I don’t know since I didn’t used Slowroll. Usually before upgrade I look that versions for Nvidia driver match before upgrading or pin them using zypper al if they don’t and wait for nvidia-open-driver-G06-signed-kmp-longterm to get updated. You can just rollback nvidia-userspace-meta-G06 to 570.172.08 to fix it for now.

Sorry, I don’t know how to do that (I’m an old dinosaur who knows enough to be dangerous, aka the duning-kruger effect)

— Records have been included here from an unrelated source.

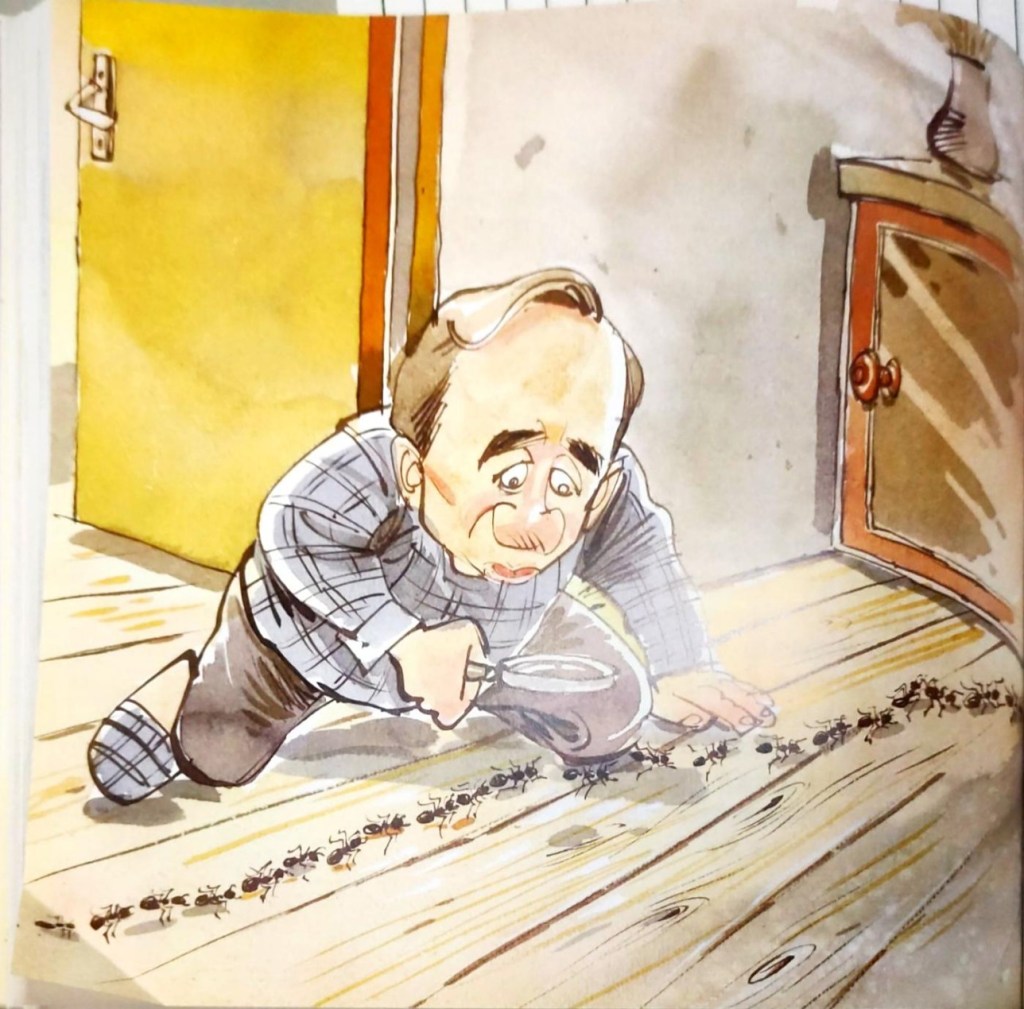 「而你們螞蟻,可能不知道情況的嚴重性,」我說,「因為我可以用殺蟲劑和這個掃把,在幾分鐘之內,就將你們全消滅光了。但這樣做,似乎並不是一個正確的方法,因為數世紀以來,我們人類就是這樣彼此互相殘殺的,而這樣做,不只沒有解決問題,反而讓情況變得愈來愈糟糕。」然後,我想起每一種生靈,總是喜歡被稱讚和被賞識的,所以,我開始將我所能想到的恭維語句,往牠們的方向發送過去。
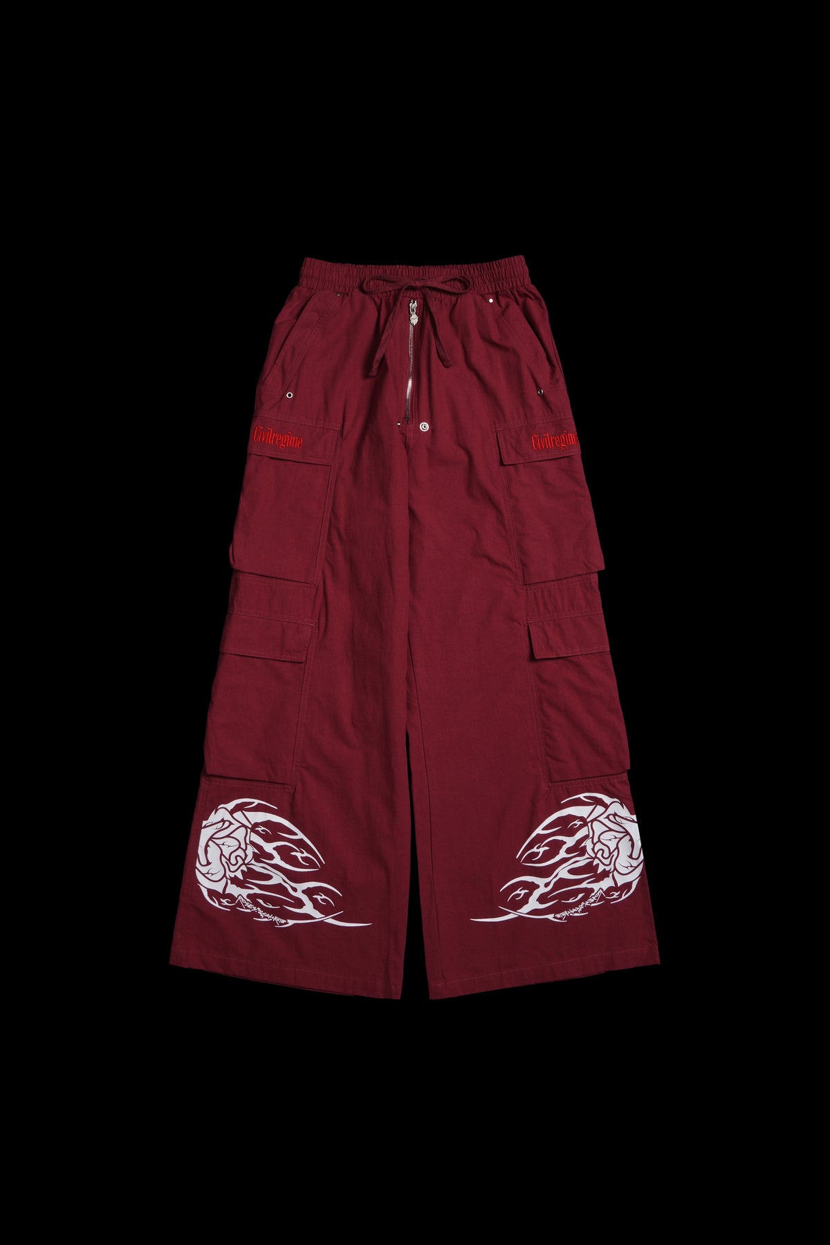 Fallen Rose Ultra Wide Leg Cargo Pants in Burgundy
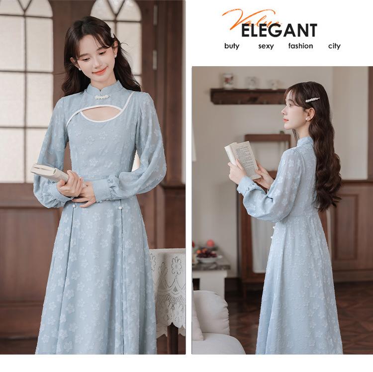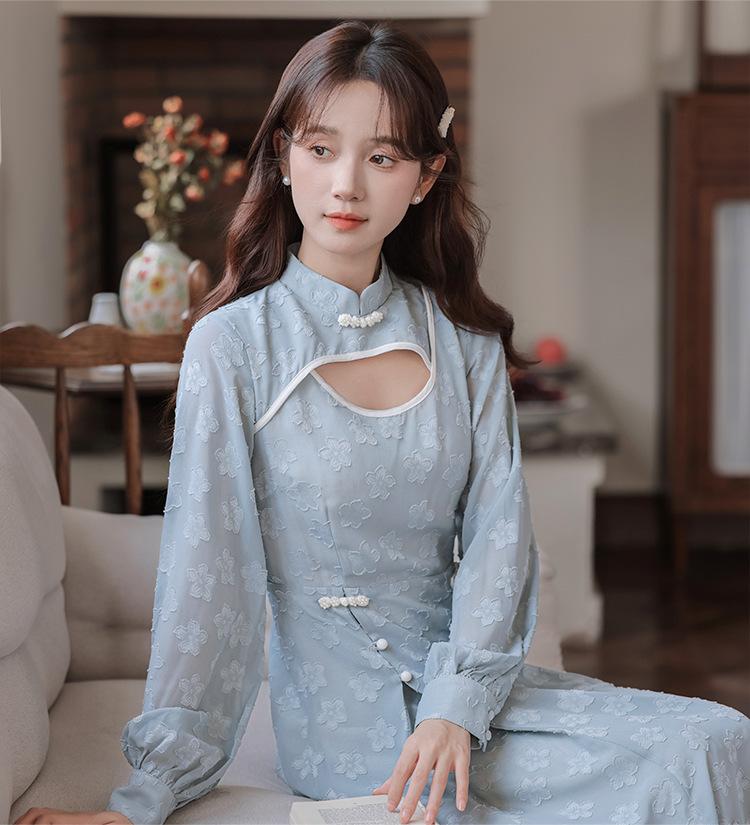 Cheongsam chino nuevo de trece líneas de otoño para mujer 2025, temperamento joven mejorado, estilo retro de la República de China, vestido jacquard
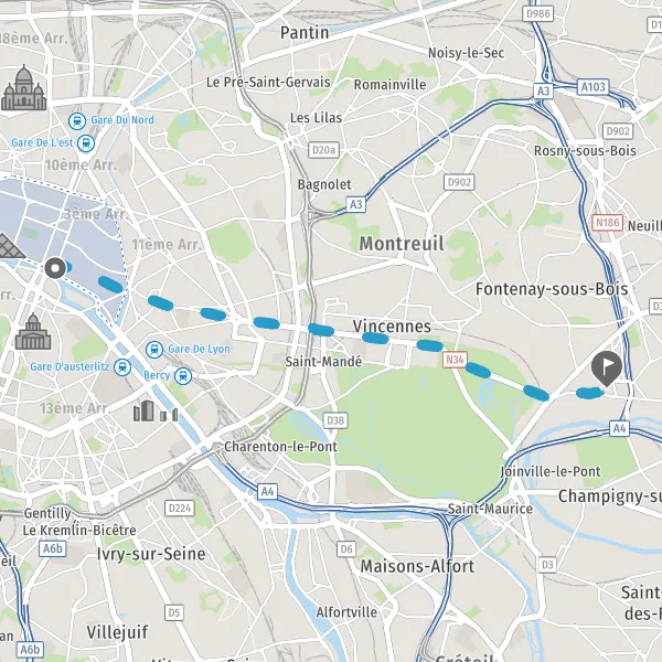 Au rond-point, prendre la 5ème sortie sur Avenue de la Porte de Vincennes et continuer sur 1 kilomètre
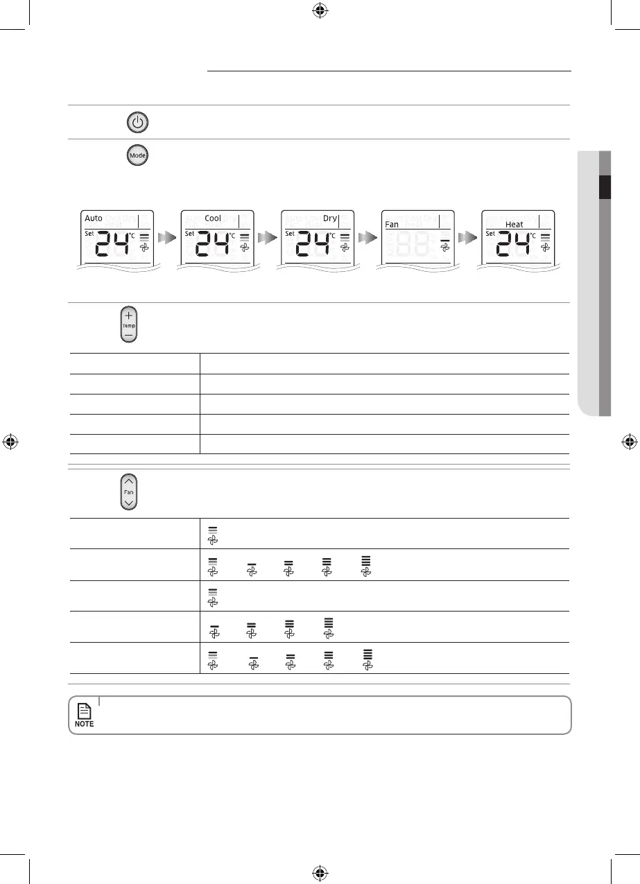 • EachtimeyoupresstheMode button, the mode will change in order of Auto, Cool, Dry, Fan and Heat.
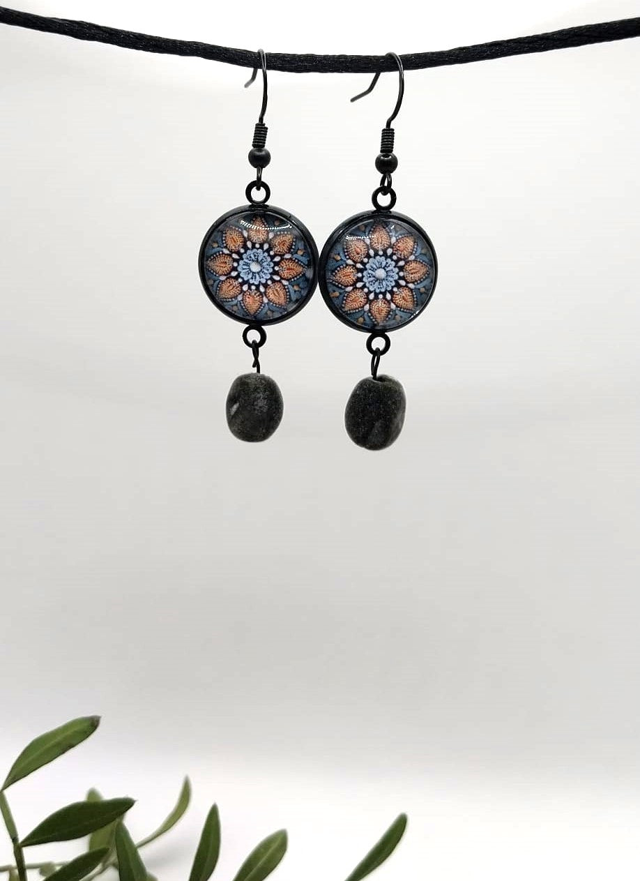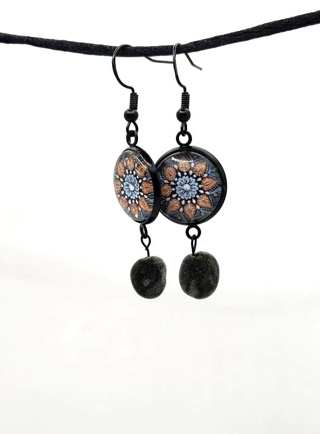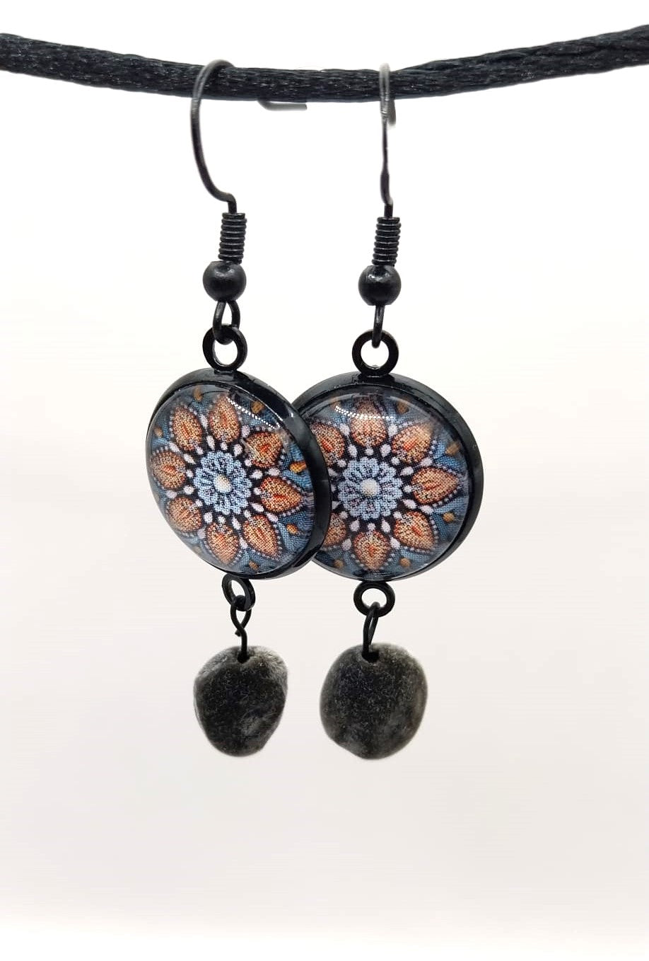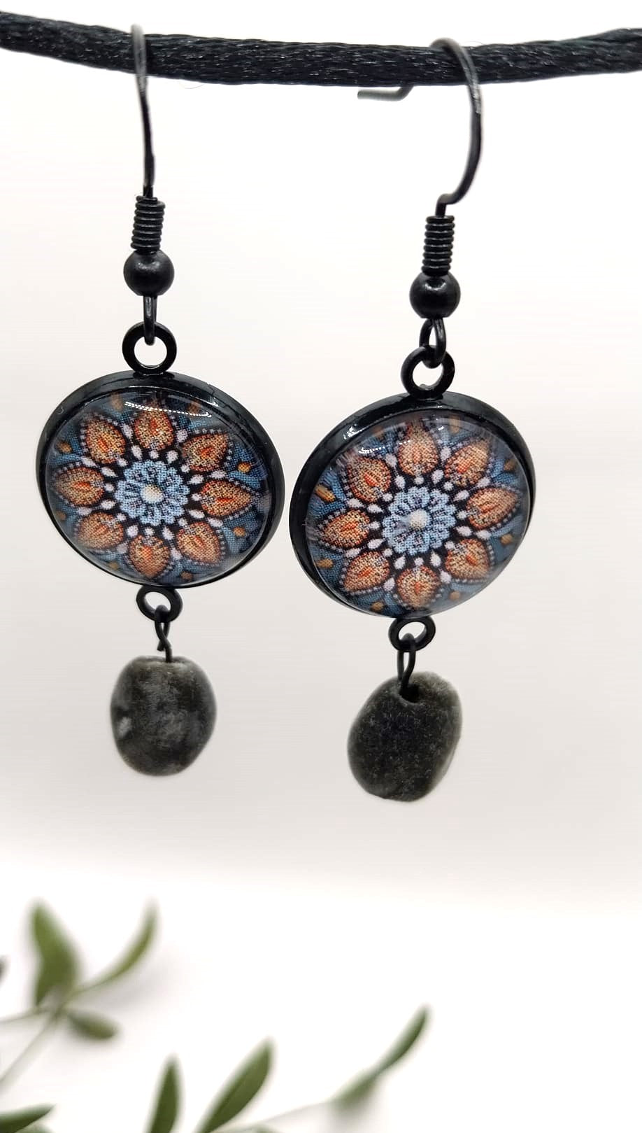 Boucles d'oreille avec cabochon en verre de 16 mm mandala. Motif bleu, noir et orangé. Breloque perles de Zanzibar. L'arbre est appelé : Majidea zangueberica ou arbre mgambo, arbre à perles noires ou arbre à graines de velours.. Ses graines sont toutes douces et reproduisent parfaitement le même effet de matière.

How do I change the repos?

sudo zypper in nvidia-driver-G06-kmp-default

I want to confirm because I get the following:

$ sudo zypper in nvidia-driver-G06-kmp-default
[sudo] password for root: 
Refreshing service 'NVIDIA'.
Refreshing service 'openSUSE'.
Looking for gpg keys in repository Packman.
  gpgkey=https://ftp.fau.de/packman/suse/openSUSE_Tumbleweed/repodata/repomd.xml.key
Retrieving repository 'Packman' metadata .......................................................................................................[done]
Building repository 'Packman' cache ............................................................................................................[done]
Loading repository data...
Reading installed packages...
Resolving package dependencies...

Problem: 1: the installed nvidia-open-driver-G06-signed-kmp-longterm-570.172.08_k6.12.39_1-1.3.x86_64 conflicts with 'nvidia-driver-G06-kmp' provided by the to be installed nvidia-driver-G06-kmp-default-580.76.05_k6.15.8_1-39.1.x86_64
 Solution 1: Following actions will be done:
  deinstallation of nvidia-open-driver-G06-signed-kmp-longterm-570.172.08_k6.12.39_1-1.3.x86_64
  deinstallation of nvidia-open-driver-G06-signed-kmp-longterm-570.172.08_k6.12.40_1-1.4.x86_64
  deinstallation of nvidia-open-driver-G06-signed-kmp-longterm-570.172.08_k6.12.41_1-2.1.x86_64
  deinstallation of nvidia-open-driver-G06-signed-kmp-default-570.172.08_k6.15.8_1-2.1.x86_64
 Solution 2: do not install nvidia-driver-G06-kmp-default-580.76.05_k6.15.8_1-39.1.x86_64

Do I use solution 1?

Yup. Solution 1 is what you want.

1 Like

Perfect. Thank you very much for taking the time to help

1 Like

This topic was automatically closed 7 days after the last reply. New replies are no longer allowed.